PETALING JAYA: Taliworks Corp Bhd , known for its defensive earnings base and attractive dividend yield, is expected to see average daily traffic (ADT) for both its toll roads to improve. This will support earnings recovery moving forward.
The public utility group is also likely to see robust earnings contribution from its water and waste segment, according to RHB Research.
Taliworks recorded third quarter (Q3 2021) core profit after tax after minority interest (Patami) of RM35.9mil, up 112% year-on-year, largely boosted by the RM43.5mil cash compensation from the government, for the non-increase in 2020’s Grand Saga highway scheduled toll hikes.
This brought core Patami for the nine-month period to RM57.2mil, which was “at 104% and 89% of our and street’s expectations”, said RHB Research.
A 1.65 sen third interim dividend was declared for the quarter, bringing nine months’ dividends to 4.95 sen.
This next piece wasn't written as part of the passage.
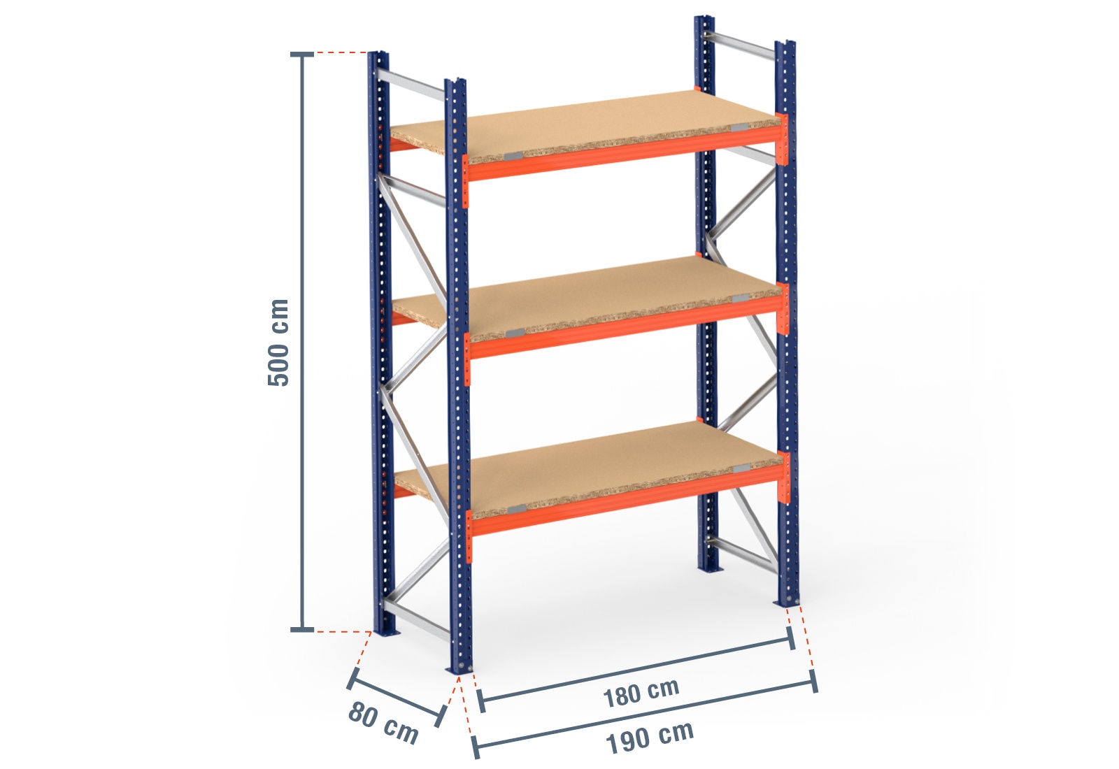 1,9 m pallet racking PR4500 / 80 cm deep / 5 m high / 3 levels / rack layer Wood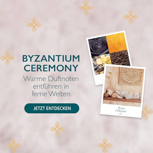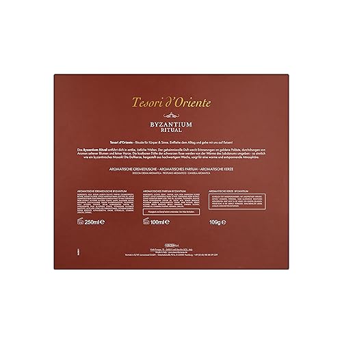 TESORI D'ORIENTE Set regalo Byzantium (doccia crema 250 ml, Eau de Toilette 100 ml e candela profumata) con rosa nera e labdano, rituali benessere per corpo e sensi

The research firm said its nine months 2021 core Patami excludes the write-back of overprovision for heavy repairs of RM2.8mil from Grand Saga, and gains on disposal of Taliworks Langkawi’s property, plant and equipment and sundry income of RM2.7mil in Q3 of 2021, amongst others.
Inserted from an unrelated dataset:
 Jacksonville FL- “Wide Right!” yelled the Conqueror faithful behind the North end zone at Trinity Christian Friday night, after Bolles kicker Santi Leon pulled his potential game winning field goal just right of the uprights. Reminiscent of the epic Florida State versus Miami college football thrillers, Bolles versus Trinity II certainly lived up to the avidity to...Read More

It noted that both toll roads saw weaker Q3 2021 ADT due to the travel restrictions from June 1, but the water treatment, supply and distribution segment recorded steady core earnings before interest and taxes.
“Meanwhile, its waste-management associate continues to achieve higher revenue on the back of better solid waste collection and public cleansing services performed, while operational expenditure narrowed on lower depreciation charges and subcontractor costs,” added RHB Research.
Following this the research firm said that it is raising FY21-FY23 forecast earnings by 30%, 11% and 13%, respectively.
Valuation wise, the stock is trading at 10.4 times FY22 EV/Ebitda (enterprise value/earnings before interest, taxes, depreciation and amortisation).
This comes “at -1.4 standard deviation from its five-year average rolling forward mean, which we think is attractive, considering the high dividend yield of 8%.”
Meanwhile CGS CIMB Research noted that Taliworks has confirmed that it has submitted its tender for the Sg Rasau Water Supply Scheme in Selangor.
The project award decision is likely by end-2021 and it believes that the company has a fair chance of securing a portion of the water treatment plant works, given its experience in Sungai Selangor Phase 1.
The research firm said that it raised FY21 forecast earnings per share (EPS) by 17% to account for the toll compensation, but FY22 forecast EPS is cut by 2.6% to reflect the one-off 33% prosperity tax announced in Budget 2022, which will impact associate SWM Environment Holdings.
It reiterates its add call on the stock and raised target price to 96 sen.
Potential re-rating catalysts include stronger earnings post completion of the delayed solar venture and revival of water contract wins.